Three Levels to Develop Great Techniques

How do you develop great Kempo techniques through contemplation and exploration? The dojo is your martial laboratory. Test the techniques, evaluate them and then improve them. But first you need to learn it well, and by well I don’t mean only rote memory.

You can distill the process of learning into categories or levels of learning. Traverse these three levels of learning to really digest and infuse your body with true martial prowess. The levels are:

Foundation level — At this level, you do things by the book. You’re at this level when you are White to Green Belt. You must learn things the exact way they are taught so you can develop the proper body mechanics and positioning. Don’t assume that you’re good enough to make changes at this stage. Compare this to thinking you knew how to make a better A when you were learning to write. You still couldn’t make a proper A yet. Learn each move the proper way then take on the next level when it is time.

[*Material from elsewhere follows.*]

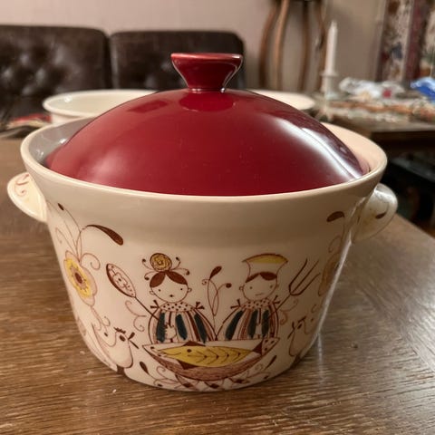 En stor og en liten ildfast gryte med lokk + fat 32 cm selges samlet.

Adaptation level – At this level, you are exploring variations and what-ifs. You enter this level about Green Belt and remain until Black Belt. In Kempo, you are not a “master” at Black Belt. You are merely very proficient. At this time, you start to appreciate the differences in the sizes and shapes of the uke (practice partner). It makes a difference with how you do each step of the technique. Also his bodily and defenses reactions may alter how you continue to perform each successive move. Learn to flow from move to move and make changes to adapt to the shifting targets.

Analysis level — At this level, you reduce the techniques to smaller pieces and explore how each one works on Kempo principles. Then rebuild the technique using Kempo theories to become a spontaneous fighter. You’re at this level when your reach advanced Black Belt. This is where you dissect what you are doing and see how the pieces fit together. Why are we doing this move? Why does the body do that? What are the additional attacks and targets for each technique? How would the target respond or counter? How does it relate to pressure points and acupuncture meridian lines? The list of potential questions goes on.

Dissecting the technique is a good strategy for really learning a move or technique. Teaching and analyzing it are two other methods for improving comprehension and understanding. This is why it behooves Black Belts to begin teaching or assisting in classes–where legally permitted by municipalities and local laws.

What is the net gain by doing this? You become a very good artist, an exemplar of Kempo. Don’t worry about what rank you are or if others respect your lineage. All that matters is if you can walk the talk–defend yourself using the Kempo you truly learned. Don’t settle for “knowing” techniques like a dance move. Know it on an unconscious level, a goal we’re all striving for.